Is there a way to stop a module that was started with runpy.run_module('module')?

Question

I'm attempting to start a discord.py bot that is in a different py file and can successfully get the bot to start, however I'm not sure how to exit/stop the script once i've started it. ctrl+c works if I'm in in the shell however I have a pyqt script running the module and i'd like to keep the launcher up without closing it out as well.

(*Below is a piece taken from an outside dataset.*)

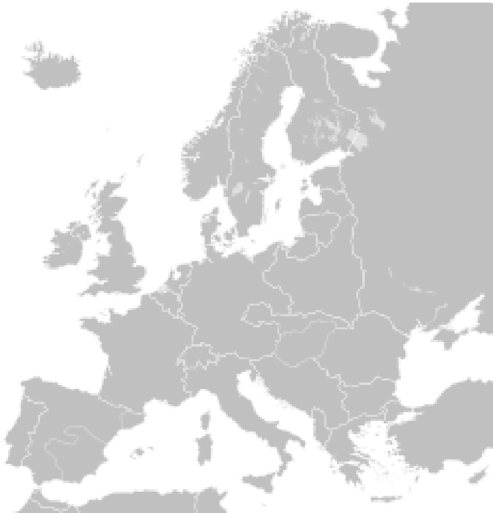
M3: Europa Oktober 1938 - März 1939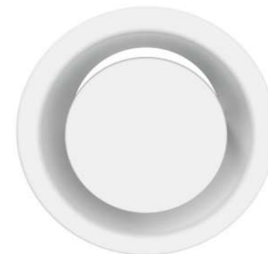
Odvodní talířový ventil

@click.group(invoke_without_command=True, options_metavar='[options]')
@click.pass_context
@click.option('-c', '--cli', help='launch hangoutcore without a gui.', is_flag=True)
def main(ctx, cli):
    """Launches the bot."""
    if ctx.invoked_subcommand is None:
        # since cli is a bool we can pass it as an environment variable so it can be accessed by any code running in this session.
        os.environ["bot_CLI"] = str(cli)
        print(os.environ["bot_CLI"])
        if not cli:
            try:
                qasync.run(botLauncher())
            except asyncio.exceptions.CancelledError as e:
                print(e)
        else:
            try:
                hangoutcore = runpy.run_module('hangoutcore')
                print(hangoutcore)

            except SystemExit as exception:
                exitcode = exception.code
            else:
                exitcode = 0

Answer 1

It would be better to refactor your hangoutcore to only do important things when you invoke something in it, e.g.

import discordpy, eris, apple, fnord

# ... lots of bot logic

def run():
   ...

and then you can just

import hangoutcore

whenever, and then call

hangoutcore.run()

when you want to do the main thing.